Crocodiles are very fast over short distances, even out of water. They have extremely powerful jaws capable of biting down with 3,000 pounds of pressure per square inch, and sharp teeth for tearing flesh, but cannot open their mouth if it is held closed. There are stories of people escaping from the long-snouted Nile Crocodile by holding its jaws shut. Zoologists will often subdue crocodiles for study or transport by taping their jaws or holding their jaws shut with large rubber bands cut from automobile inner tubes. All large crocodiles also have sharp and powerful claws. They have limited lateral movement in their neck, so on land protection can be found by getting even a small tree between the crocodile's jaws and oneself.
Age
There is no reliable way of measuring crocodile age, although several techniques could be used to derive a reasonable guess.

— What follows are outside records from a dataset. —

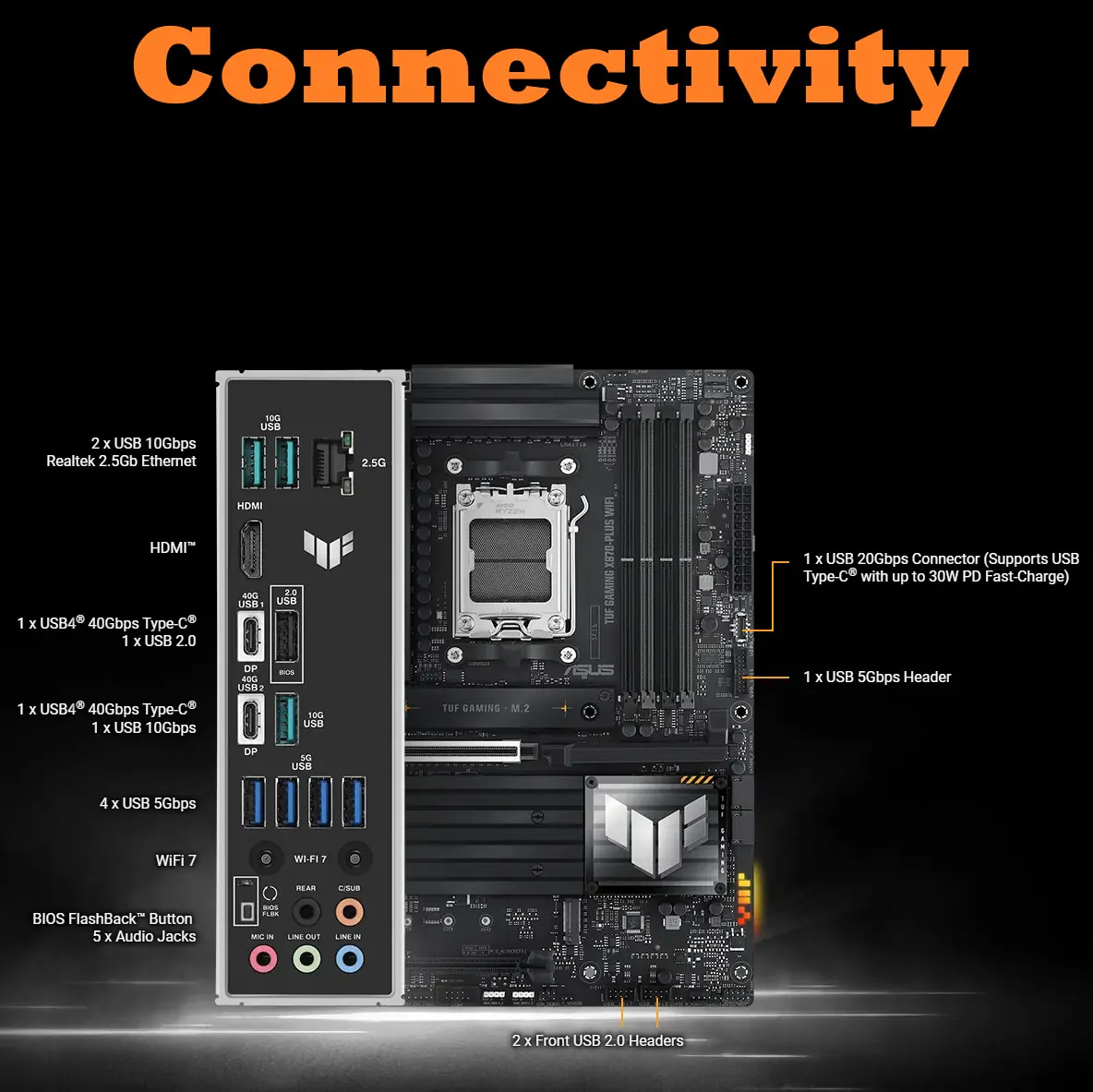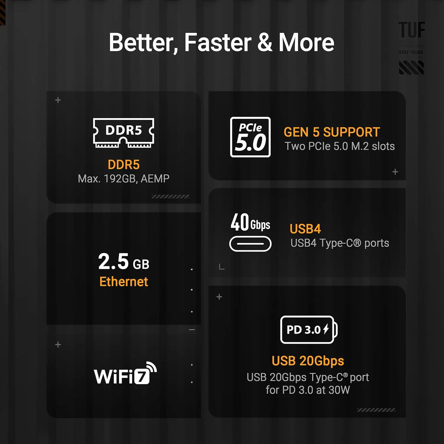 • Ultrafast Connectivity: Wi-Fi 7, PCIe 5.0 x16 slot, Realtek 2.5Gb Ethernet, dual USB4® (40Gbps) Type-C® ports, front USB 20Gbps Type-C® with PD Fast Charge Support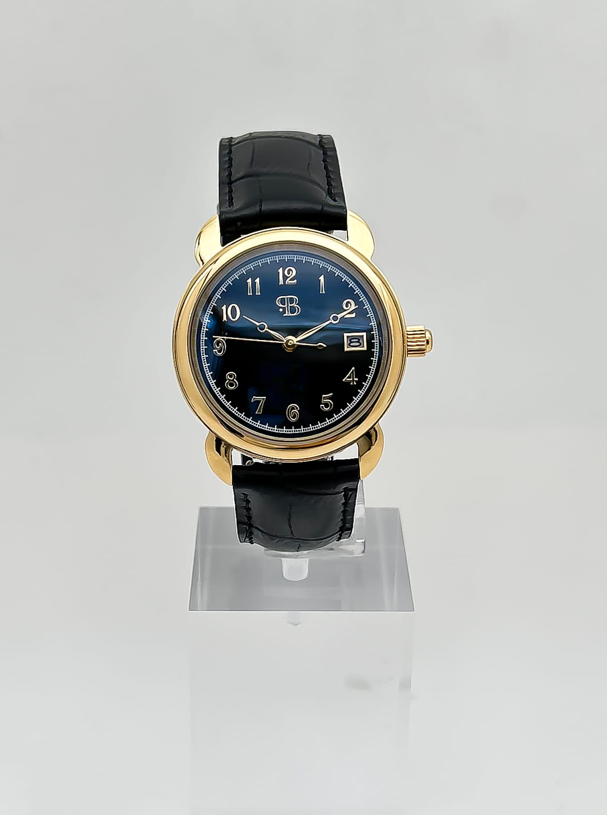 Стальной корпус круглой формы выполнен из нержавеющей стали с PVD-покрытиемPVDУльтратонкое покрытие наносится в технике вакуумного напыления, сочетает в себе нитрид титана особой прочности со слоем золота или оксида хрома. Несёт в себе декоративную или защитную функцию., что придает часам прочность и долговечность. Циферблат защищен закаленным сапфировым стекломСапфировое стеклоПрочный и надёжный материал из кристалла сапфира синтетического происхождения, характеризующийся особой твёрдостью и устойчивостью к царапинам и повреждениям. с антибликовым покрытием, что предотвращает появление царапин и повреждений, а также обеспечивает четкую видимость даже при ярком освещении.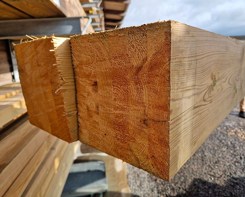 Poteau Contre Collé Pin R4F Traité CL3 vert 195x195mm De 3000 mm à 6000 mm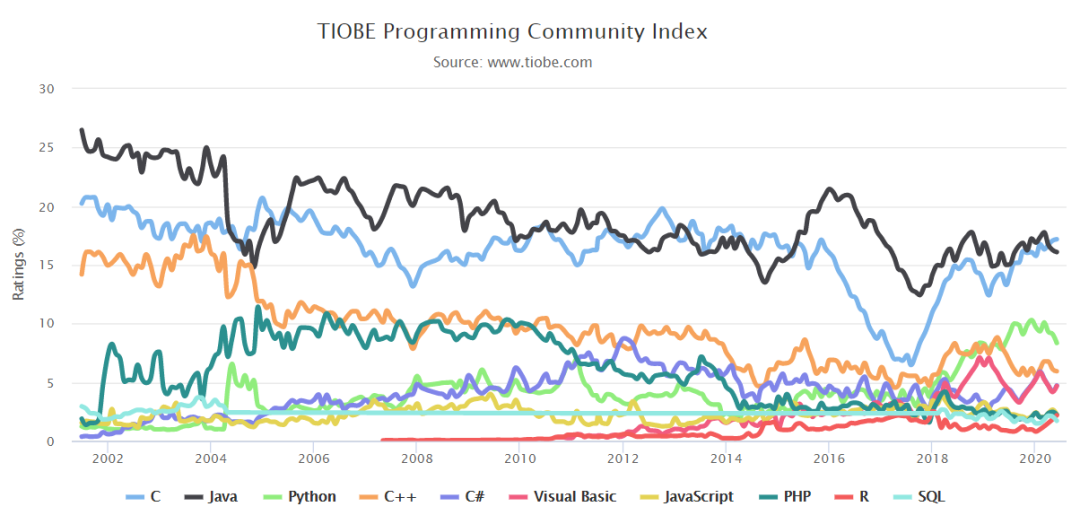 TOP 10 编程语言 TIOBE 指数走势(2002-2020)

The most common method is to measure lamellar growth rings in bones and teeth - each ring corresponds to a change in growth rate which typically occurs once a year between dry and wet seasons.[1] Bearing these inaccuracies in mind, the oldest crocodilians appear to be the largest species. C. porosus is estimated to live around 70 years on average, and there is limited evidence that some individuals may exceed 100 years. One of the oldest crocodiles recorded died in a zoo in Russia apparently aged 115 years old.[2]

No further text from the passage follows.